Toda la vida la música nos alimentó. Las canciones infantiles del rico mangó y el cafetal, la voz de mi papá, suave y melodiosa, los discos que nos ponían en el tocadiscos, desde María Esther Robles hasta el Trío los Panchos, los conciertos del Festival Casals en la UPR, donde nos llevaban de niños, y más tarde, Doña Consuelo y sus clases de piano, nos formaron. Qué privilegio. Nunca me cansaré de decirlo.
Un día, mi tío Carlos Buitrago, que regresaba de Inglaterra -donde cursaba estudios doctorales- bajó la acera hacia mi casa con un disco de los Beatles bajo el brazo. Nos habló de este nuevo grupo que estaba causando furor en Europa, y que a él le gustaba mucho. Así, hasta los Beatles se escucharon en mi casa, cuando yo apenas tenía catorce o quince años. También llegaron a mi casa los discos de Raphael, que a mi papá le fascinaba. Fueron los años de las películas -un tanto cursis- de El final de Laura y aquellas canciones trágicas, como fue también el tiempo de las canciones producidas para el mercado juvenil, traducidas al español, del Club del Clan. Nunca me atrajeron demasiado, aunque una se las aprendía de tanto escucharlas en la radio.
Luego, ya en la Universidad, asistí a un concierto de un cantautor catalán que hacía canciones de poemas. Serrat me enseñó otro lado de la música. El encuentro con los discos de Violeta Parra que adquirí en La Tertulia, los de Víctor Jara, los de la Nueva Trova Cubana, empezaron a llegar a mis oídos y a seguir construyendo mi universo estético. Eran tiempos sin internet, sin Spotify, en los que los discos y los cassettes de conciertos grabados nos llegaban a veces por vía de amigos que compartían gustos musicales. Una buscaba lo que estaba más allá de la radio comercial, más allá de los boleros y las baladas, el merengue y el rock en inglés. Mi universo musical se amplió durante esos años universitarios.

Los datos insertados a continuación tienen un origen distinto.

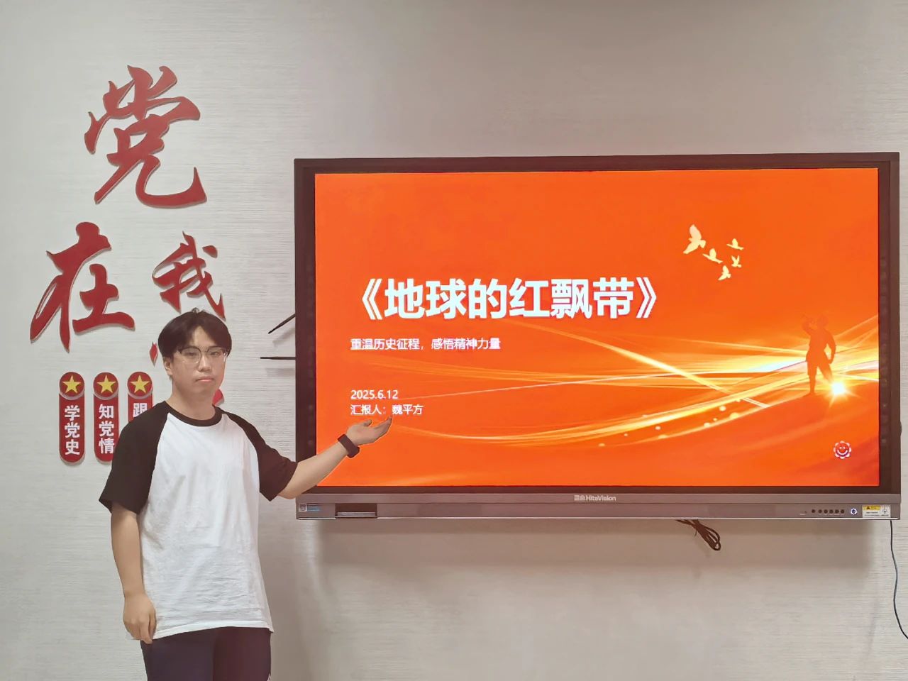 马克思主义学院魏平方同学分享了魏巍的《地球的红飘带》。主讲人指出本书再现了长征这一“二十世纪人类最伟大的精神行军”,其叙事既具历史纵深感,又充满艺术感染力。在解读环节,主讲人创新性地采用“微观史”视角,从书中“小人物”切入,如无私奉献的炊事员、坚韧不屈的“小红军”、无畏担当的老农、坚守岗位的号手,生动诠释了“人民是历史的创造者”这一马克思主义唯物史观。最后,主讲人将长征精神与新时代语境创造性结合,强调这部“用鲜血写就的教科书”所蕴含的信仰之力,正如永不熄灭的火种,为当代青年在民族复兴征程上提供了强大的精神坐标,号召大家以“红飘带”精神照亮新时代的赶考之路。整场分享既有理论深度,又饱含情感温度,展现出经典作品的永恒魅力。

Y entonces me fui a Nueva York. Allí fue, en realidad, donde comencé a componer. De eso ya he narrado algo. Mi canción Toda la vida es música recoge algo de esta historia. Hoy me toca la fortuna de cantarla con Fabiola Méndez, que la escogió para cantarla conmigo. Anoche, en el ensayo con ella, la cantamos y fue un momento hermoso. Salió como si lleváramos años haciéndola. Otro momento afortunado de los muchos que me ha tocado vivir. Realmente, no puedo quejarme de nada. Solo dar gracias.